На второй год счастливой супружеской жизни заболела и эта. Я был другом их дома, для меня всегда был готов прибор за их столом, я знал мелочи их интимной жизни. Более любящего, мягкого, снисходительного мужа я не видал. Он окружал жену атмосферой любви и ласки, никогда не оставлял ее одинокой, предупреждал каждое ее желание. Через год смотрел на нее такими же влюбленными глазами, как в первые дни после свадьбы. И она, радостная, счастливая — купалась в лучах ласки — и часто сравнивал я ее с ребенком, шалящим в теплой кровати матери, с женщиной, отдавшейся в жаркий день любовным прикосновениям морских волн, под нежащим солнцем юга…
Заболела!
Стала худеть, бледнеть. Погас румянец, поблекли и втянулись щеки, болезненно-жалко обозначились ключицы под шеей и ямки около них, — зато выдвинулись больные, страдающие глаза, молящие о милости, о возврате недавнего здоровья, испуганные, видящие уже то, что видимо только перед концом…
Третья жена Боклевского, Надежда, умерла как и первые две, на втором году замужества.
Я целовал в гробу ее лоб и с ужасом убедился, что это почти мумия, не имеющая обычного холода трупа, словно целовал я не мертвеца, а манекен из целлулоида…
Боклевский уехал за границу — и я потерял его из виду.
Странные слухи доходили до меня издалека. Там он, пользуясь иными законами о браке, женился опять, и будто жена его умерла, и будто он еще раз связал себя супружеством… Прошло лет восемь. Слухи затихли о Боклевском давно и все перестали им интересоваться.

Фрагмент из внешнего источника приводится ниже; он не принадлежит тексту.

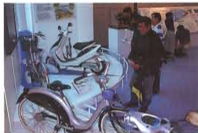
At the Eco-Zone the "ECCY" electric scooter and the "Hybrid Commuter" are displayed

The booth was further divided into four zones. In the "Exciting" zone, which expresses performance that exceeds the rider's expectations and the joy of operating a machine of that quality, visitors saw the further evolved new version of the flag-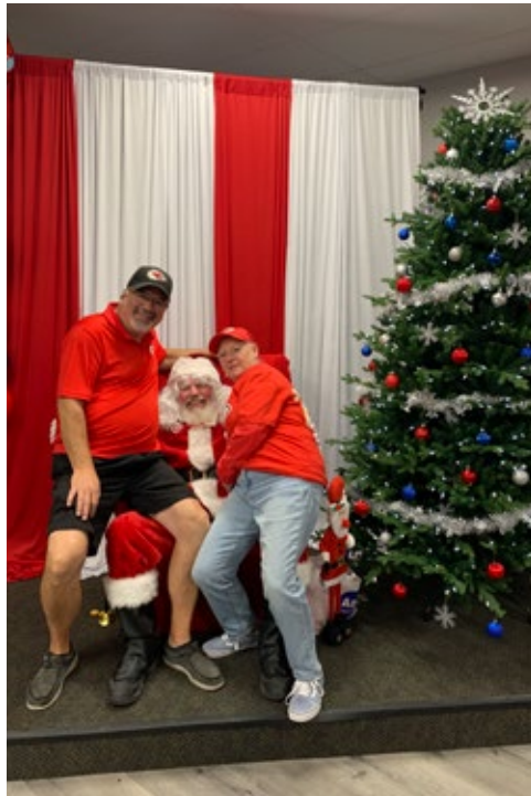
Santa spent the morning taking gift requests at our District Auxiliary fundraiser on 12/15.

Общее внимание в нашем городе возбудило известие, что Боклевский едет, отчаянно больной, в свое родовое имение, — едет из-за границы умирать на родине.
Известие это подтвердилось, и вскоре все узнали, что Боклевский вместе с врачом-японцем уже находится в старом усадебном доме села Спас-Колино.
Я поспешил его навестить.
В скелетообразном теле, лежавшем на кровати, я едва узнал когда-то жизнерадостного, хотя всегда сухощавого Боклевского.

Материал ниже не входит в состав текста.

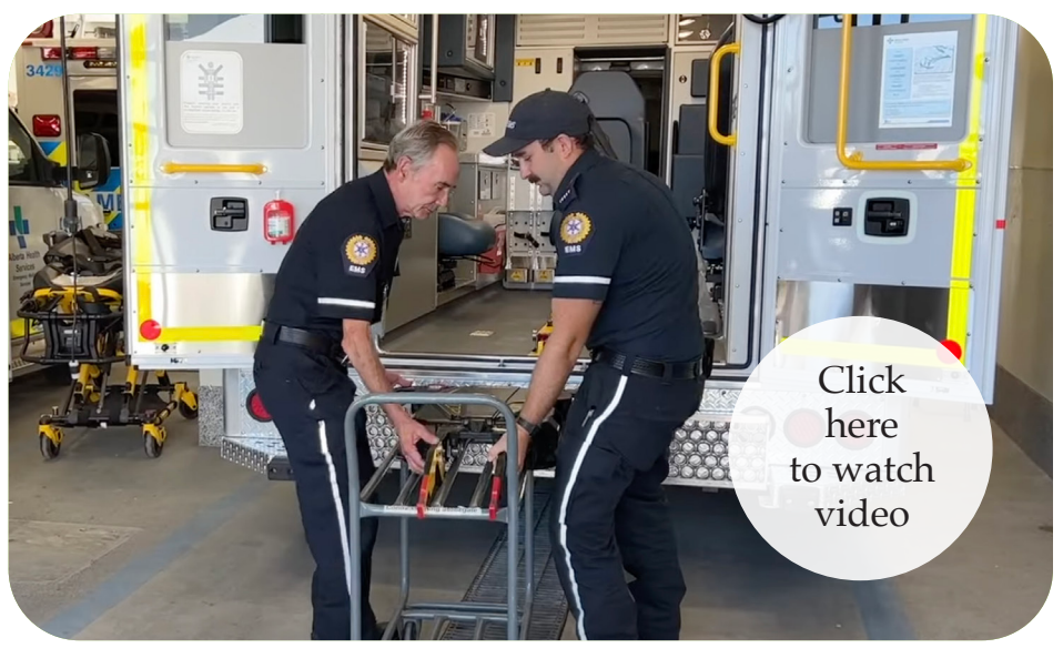
EMS technicians work to install power lifts in one of 10 additional new ambulances.

From March 2020 to June 2022, the number of Albertans waiting for a CT scan dropped by almost 24 per cent, and for MRI scans by 13 per cent, despite a sharp increase in demand.

И что меня особенно поразило: выражение глаз испуганное, молящее о помощи, как у его третьей жены перед смертью.
Он, видимо, мне обрадовался. Протянул руку, слабо улыбнулся.
Прикосновение его кожи заставило меня содрогнуться. Горячая рука была словно не телесная, а сделанная искусственно. Быть может, из дерева, чем-нибудь обтянутого. Кожа сухая, бумажная, сказал бы я.
И весь он был именно сухой. Тело, которое лишено влаги, жизненных соков. Воспользовавшись моментом, когда больной уснул, я отозвал врача.
— Что с ним?
Японец хитро глянул на меня черными глазами и блеснул на темном лице оскалом белых зубов.